The FBI has issued advice to air passengers to help prevent sexual assault on planes.
FBI special agent David Gates, who is based at Los Angeles International Airport (LAX), said in an official release that the agency is seeing more reports of in-flight sexual assault than ever before with victims being as young as eight.
The agency’s tips include keeping the arm rest down at all times and never mixing alcohol with sleeping tablets.
The FBI has issued advice to air passengers to help prevent sexual assault on planes (file image)
It also recommends sticking to aisle seats where there is greater visibility. Agents say that parents arranging flights for unaccompanied minors should especially take note of this tip.
Sexual assault aboard aircraft – which usually takes the form of unwanted touching – is a felony that can land offenders in prison.
The FBI says that typically men are the perpetrators, and women and unaccompanied minors are the victims.
In fiscal year 2014, 38 cases of in-flight sexual assault were reported to the FBI.
In the last fiscal year, that number increased to 63 reported cases.
‘It’s safe to say that many incidents occur that are not reported,’ said Gates, one of the FBI’s many airport liaison agents assigned to the nearly 450 U.S. aviation facilities.
Crimes aboard aircraft fall within the FBI’s jurisdiction, and in the case of in-flight sexual assaults, agents describe elements of these crimes as being strikingly similar.
The attacks generally occur on long-haul flights when the cabin is dark. The victims are usually in middle or window seats, sleeping, and covered with a blanket or jacket.

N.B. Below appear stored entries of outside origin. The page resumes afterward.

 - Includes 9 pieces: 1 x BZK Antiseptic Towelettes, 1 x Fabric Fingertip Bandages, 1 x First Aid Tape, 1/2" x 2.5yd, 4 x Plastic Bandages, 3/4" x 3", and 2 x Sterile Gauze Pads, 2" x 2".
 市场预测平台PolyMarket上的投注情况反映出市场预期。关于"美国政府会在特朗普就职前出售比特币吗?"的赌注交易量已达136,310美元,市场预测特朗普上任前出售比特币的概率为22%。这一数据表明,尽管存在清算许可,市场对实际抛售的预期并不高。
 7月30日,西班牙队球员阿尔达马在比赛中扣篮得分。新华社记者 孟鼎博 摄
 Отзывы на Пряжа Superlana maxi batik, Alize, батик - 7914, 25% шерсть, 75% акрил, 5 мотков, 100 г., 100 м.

They report waking up to their seatmate’s hands inside their clothing or underwear.
One victim, a mother of two who was attacked in 2016 on a flight from the West Coast to Africa via Europe, recounted her ordeal.
‘I fly overseas often,’ she said. ‘The flights usually leave around 6pm I have dinner, watch a movie, and go to sleep. I was dozing off toward the end of the movie, and all of a sudden I felt a hand in my crotch.’

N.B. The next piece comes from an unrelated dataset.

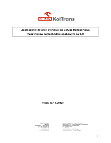 Zaproszenie do akcji ofertowej na usługę transportową maszynistów samochodem osobowym do 3,5t Płock 19.11.2012r. ORLEN KolTrans Sp. z o.o. ul. Chemików 7, 09-411 Płock tel. (+48 24) 256 64 44 fax (+48 24) 367 90 14 [email protected] www.orlenkoltrans.pl Rejestr Przedsiębiorców Nr KRS 0000028251 Sąd Rejonowy XIV Wydział Gospodarczy w Warszawie Kapitał zakładowy: 40.859.000,00 zł NIP: 774-26-58-299 Zarząd Spółki: Jarosław Szaliński – Prezes Zarządu Andrzej Łobodziński – Członek Zarządu 1 I. Zlecający : ORLEN KolTrans Sp. z o.o. 09-411 Płock Ul. Chemików 7 NIP: 774-26-58-299 http://www.orlenkoltrans.pl, II. Informacje o postępowaniu ofertowym : Postępowanie ofertowe prowadzone jest według wewnętrznych procedur obowiązujących w ORLEN KolTrans Sp. z o.o. III. Przedmiot zlecenia: Usługa transportowa od 2 do 4 maszynistów samochodami osobowymi do 3,5t na n/w trasach: 1. Trasy z Płocka ok. 20 000 km/miesięcznie: • Płock-Kutno-Płock • Płock-Sierpc-Płock • Płock-Warszawa Główna Towarowa - Płock • Płock-Nasielsk-Płock • Płock-Tłuszcz -Płock • Kutno-Poznań • Inne zlecone na szlakach obsługiwanych przez ORLEN KolTrans Sp. z o.o. tj.: Płock-Emilianów, Płock-Gutkowo, Płock-Sokółka, Płock-Świnoujście, jazdy lokalne np. PKN ORLEN - Stara Biała, itp. Do wykonywania usługi transportowej na w/w trasach wymagamy min. 2 samochodów osobowych. 2. Trasy z Ostrowa Wielkopolskiego ok. 10 000 km/miesięcznie • Ostrów Wlkp.- Piekary Śląskie Szarlej (Radzionków) - Ostrów Wlkp. • Ostrów Wlkp.- Wrocław Swojczyce - Ostrów Wlkp. • Ostrów Wlkp.- Nowa Sól - Ostrów Wlkp. • Ostrów Wlkp.- Szczecin - Ostrów Wlkp. • Inne zlecone Do wykonywania usługi transportowej na w/w trasach wymagamy min. 1 samochód osobowy. Uwaga: 1. ORLEN KolTrans Sp. z o. o dopuszcza możliwość złożenia oferty częściowej na trasy z Płocka lub trasy z Ostrowa Wlkp. 2. Średnia miesięczna ilość km może ulec zmianie w trakcie trwania umowy. IV. Wymogi formalne: Warunkiem przyjęcia oferty jest przedłożenie części technicznej i części handlowej w oddzielnych zamkniętych opisanych kopertach. Oferty nie spełniające powyższego nie będą rozpatrywane i zostaną odesłane do nadawcy. 2 Część techniczna: 1. Nazwa firmy, adres, telefon kontaktowy, fax. 2. Nazwiska osób reprezentujących firmę. Odpis z Krajowego Rejestru Sądowego, w przypadku spółek Prawa Handlowego, lub zaświadczenie o wpisie do ewidencji działalności gospodarczej w przypadku osób fizycznych. 3. Decyzja w sprawie nadania nr Identyfikacji Podatkowej NIP. 4. Podpisane Oświadczenie oferentów PZSZ07/F01 – załącznik nr 1. 5. Wskazanie osoby do kontaktu sprawującej nadzór nad ofertą. 6. Termin ważności oferty (nie krócej niż do 31.12.2013r.) 7. Czas reakcji od chwili telefonicznego powiadomienia przez Dyspozytora ORLEN KolTrans max 2h. 8. Dyspozycyjność 24 godziny na dobę, 7 dni w tygodniu, 365 dni w roku. 9. Samochody muszą posiadać ważne ubezpieczenie OC, NW oraz przegląd techniczny. Część handlowa: 1. Stawka jednostkowa netto za km. 2. Deklaracja niezmienności stawki w okresie obowiązywania umowy tj. do 31.12.2013r. 3. Sposób rozliczenia – z uwzględnieniem 30 dniowego terminu płatności faktur licząc od dnia otrzymania przez ORLEN KolTrans Sp. z o.o. prawidłowo wystawionej faktury, tj. jedna faktura na koniec miesiąca. 4. Warunkiem zapłacenia faktury VAT będzie załącznik pod fakturę miesięczną zawierający następujące dane: data przejazdu, trasa przejazdu, długość trasy (przejechane kilometry), dane osoby przewożonej (imię i nazwisko maszynisty). Długość trasy weryfikowana będzie np. przy wykorzystaniu Google Maps. 5. W stawce należy uwzględnić wszystkie opłaty dodatkowe związane z realizacją przedmiotu zlecenia/umowy. 6. Kryterium wyboru Oferenta jest stawka jednostkowa netto za 1km. Pytania dodatkowe dotyczące zakresu ogłoszonej akcji ofertowej prosimy przesyłać na adres email: [email protected]. Odpowiedź będzie przekazywana tą samą drogą. V. Sposób złożenia oferty: Oferta winna być podpisana przez osoby uprawnione do reprezentowania firmy i składać się z dwóch części: technicznej i handlowej. Ofertę należy przesłać w opisanych i zamkniętych kopertach w terminie do dnia 30-11-2012 roku do godz. 14.00 do sekretariatu Prezesa Zarządu ORLEN KolTrans Sp. z o.o. na ul. Chemików 7, 09-411 Płock. Na obydwu kopertach należy podać nazwę, dokładny adres Oferenta, tytuł zaproszenia do składania ofert: „akcja ofertowa na transport maszynistów” oraz wskazać część techniczną i część handlową. VI. Zastrzeżenia zapraszającego do składania ofert: 1. ORLEN KolTrans Sp. z o. o. zastrzega sobie prawo do dowolnego wyboru podmiotu/podmiotów, z którymi będą prowadzone negocjacje w odniesieniu do części lub całości zakresu złożonych odpowiedzi oraz do zawarcia umowy z więcej niż jednym dostawcą wyłonionym w drodze negocjacji, przy czym 3 2. 3. 4. 5. 6. 7. zakres umowy może obejmować całość lub część zakresu złożonej odpowiedzi na zapytanie ofertowe. ORLEN KolTrans Sp. z o. o. zastrzega sobie prawo do odwołania zamknięcia procesu wyboru dostawcy i odstąpienia od negocjacji bez podania przyczyn. Z tego tytułu nie przysługują żadne roszczenia wobec zapraszającego. Niniejsze zapytanie stanowi zaproszenie do negocjacji w rozumieniu art. 72 k.c. Oferent ponosi wszystkie koszty związane z przygotowaniem i złożeniem oferty i nie przysługuje mu prawo do zwrotu tych kosztów. Wyboru oferenta wg przedstawionych kryteriów oceny. Dokonania korekt i uściśleń zakresu w trakcie analizy ofert, proszenia o ewentualną jego aktualizację. Przeprowadzenie dodatkowych negocjacji cen. Z poważaniem Przewodniczący Zespołu Oceniającego Trawiński Robert 4 Załącznik nr 1 PZSZ07/F01 Oświadczenie Oferenta Dotyczy postępowania na: usługę transportową maszyn

The FBI has launched a poster as part of its campaign to fight in-flight sexual assault
The woman instinctively said, ‘No!’ and pushed the man’s hand away, but he came at her two more times before she was able to remove her seatbelt and get away, even as her attacker used the full weight of his body trying to detain her.

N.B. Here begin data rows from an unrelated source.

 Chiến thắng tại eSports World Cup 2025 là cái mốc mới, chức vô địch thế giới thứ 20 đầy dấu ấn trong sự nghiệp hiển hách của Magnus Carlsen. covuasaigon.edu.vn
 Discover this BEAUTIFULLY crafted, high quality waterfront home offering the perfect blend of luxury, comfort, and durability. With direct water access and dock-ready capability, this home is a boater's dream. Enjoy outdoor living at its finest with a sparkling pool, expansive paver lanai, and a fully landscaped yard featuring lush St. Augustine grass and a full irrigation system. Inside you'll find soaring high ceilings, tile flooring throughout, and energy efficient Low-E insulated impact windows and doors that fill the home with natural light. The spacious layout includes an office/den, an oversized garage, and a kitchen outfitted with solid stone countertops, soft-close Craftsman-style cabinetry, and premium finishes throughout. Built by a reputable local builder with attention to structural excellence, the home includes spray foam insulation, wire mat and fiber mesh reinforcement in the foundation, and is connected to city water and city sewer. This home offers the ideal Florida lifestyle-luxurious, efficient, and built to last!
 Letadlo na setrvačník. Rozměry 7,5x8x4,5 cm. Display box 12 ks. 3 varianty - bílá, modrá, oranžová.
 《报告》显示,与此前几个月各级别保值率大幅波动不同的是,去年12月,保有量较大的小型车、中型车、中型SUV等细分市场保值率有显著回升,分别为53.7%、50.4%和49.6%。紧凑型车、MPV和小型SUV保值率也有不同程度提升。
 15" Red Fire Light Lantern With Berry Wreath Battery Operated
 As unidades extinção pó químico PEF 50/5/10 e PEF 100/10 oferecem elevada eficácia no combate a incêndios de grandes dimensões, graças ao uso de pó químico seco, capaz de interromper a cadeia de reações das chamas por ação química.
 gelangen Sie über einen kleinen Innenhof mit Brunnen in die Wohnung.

As the assault was happening, she recalled, ‘it didn’t make sense to me. It was all so disorienting and confusing’.
She ran toward the bathroom. Seeing her condition, passengers thought she was experiencing a medical emergency. Barely able to breathe, the woman explained what had happened and that she needed a flight attendant.
After the crew responded, while she was waiting to be reseated away from her attacker, she was told by members of the crew that sexual assaults in the air were fairly common. One sympathetic flight attendant said that she, too, had been groped in the past.
‘I was horrified,’ the veteran flyer remembered thinking. ‘How can this be and I have never heard about it?’
‘Unfortunately, people don’t think things like this happen on airplanes,’ said Caryn Highley, a special agent in the FBI’s Seattle Division who investigates crimes aboard aircraft.
‘There is a perception on an airplane that you’re in a bubble of safety,’ Highley concluded.
The FBI has launched a poster as part of its campaign to fight in-flight sexual assault, urging passengers to report any incidents by visiting tips.fbi.gov, calling 1-800-CALL-FBI, or visiting a local FBI office.